In order to pass 10% of the main current through a moving coil galvanometer of 99 ohms, the resistance of the required shunt is:

9.9 \Omega

10 \Omega

11 \Omega

9 \Omega

Principle: To convert a moving coil galvanometer into an ammeter, a low resistance called a 'shunt' ( $S$ ) is connected in parallel with the galvanometer coil.
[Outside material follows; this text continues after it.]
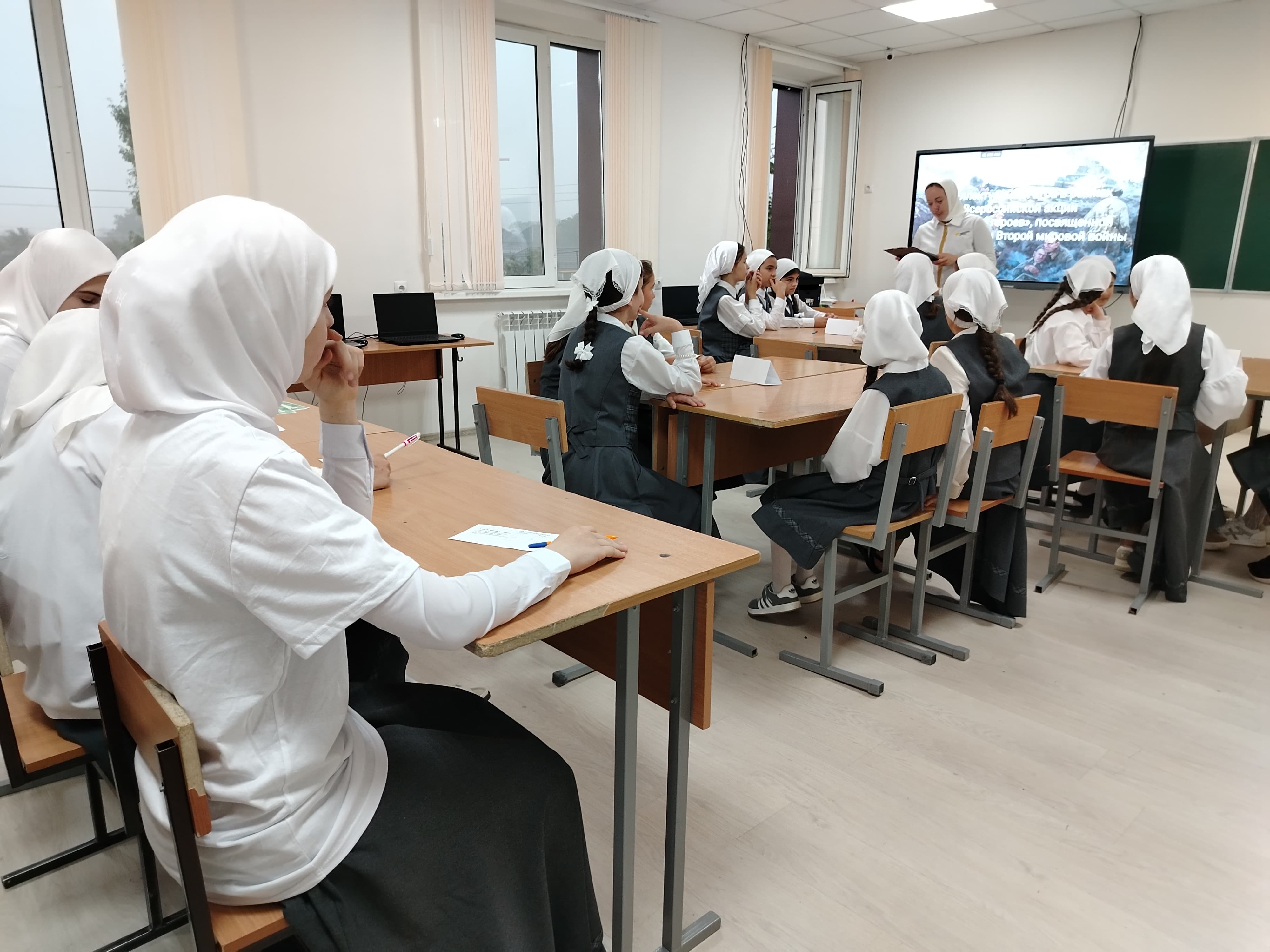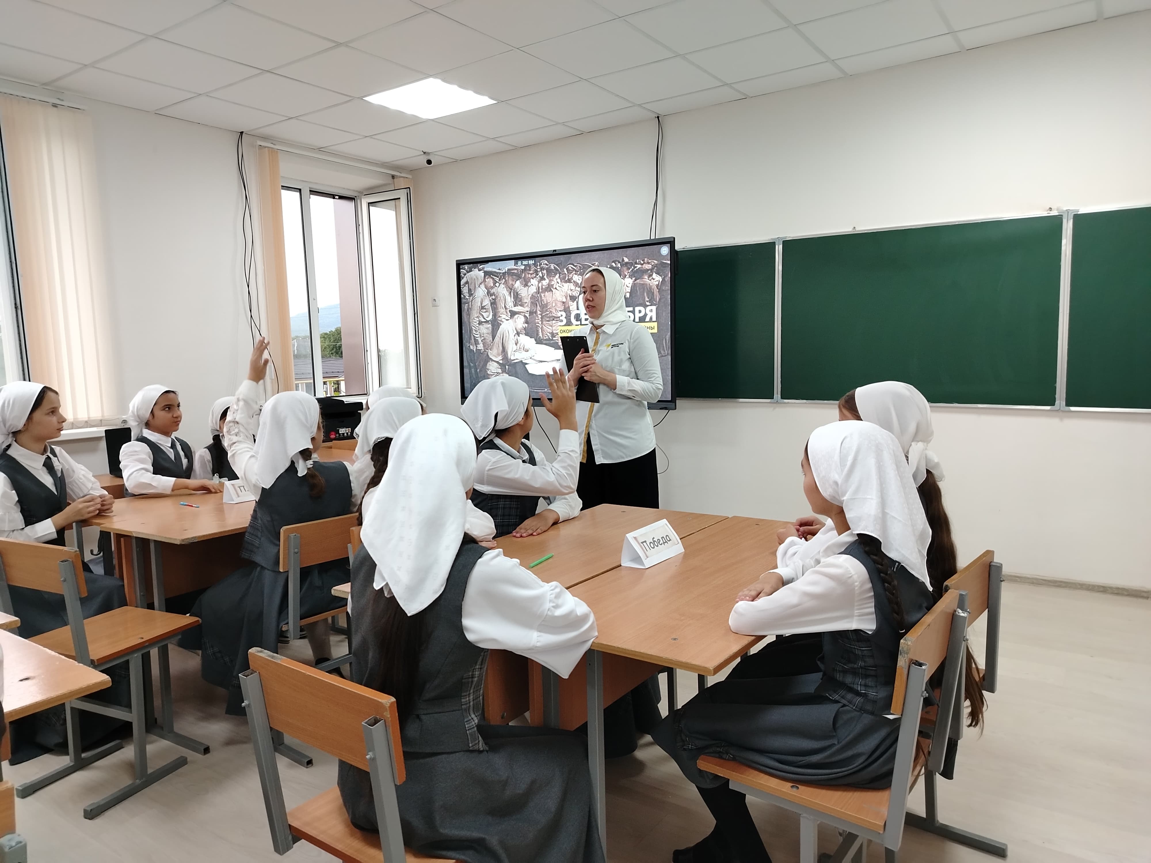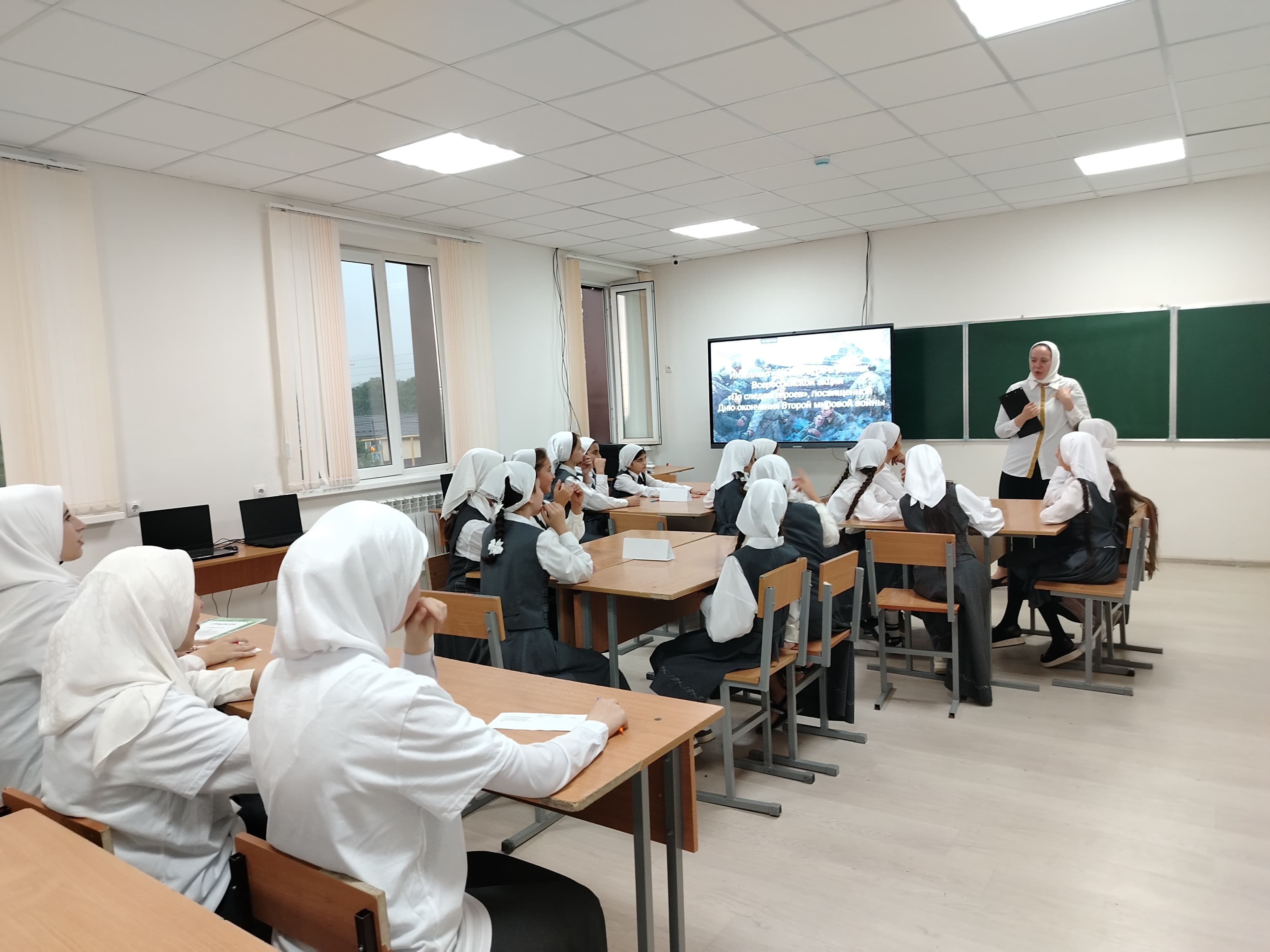 Под руководством советника директора по воспитанию и взаимодействию с детскими общественными объединениями Шахбиевой З. О-Х, в рамках Всероссийской акции «По следам героев», посвященной Дню окончания Второй мировой войны, активисты РДДМ «Движение Первых» организовали и провели интеллектуальную для обучающихся 5-х классов.

This arrangement allows the majority of the current to bypass the sensitive galvanometer coil .
Parallel Connection: Since the galvanometer ( $G$ ) and the shunt ( $S$ ) are in parallel, the potential difference across them is the same. $V_G = V_S \implies I_g G = (I - I_g) S$ Where: $I$ is the total main current. $I_g$ is the current passing through the galvanometer. $I - I_g$ is the current passing through the shunt. $G$ is the resistance of the galvanometer.
Given Data: Galvanometer Resistance $G = 99\ \Omega$ . Current through galvanometer $I_g = 10\%$ of $I = 0.10 I$ .

Calculation: Substituting the values into the equation: $(0.10 I) \times 99 = (0.90 I) \times S$ $S = \frac{0.10 \times 99}{0.90}$ $S = \frac{9.9}{0.9} = 11\ \Omega$ .
Conclusion: The required shunt resistance is $11\ \Omega$ .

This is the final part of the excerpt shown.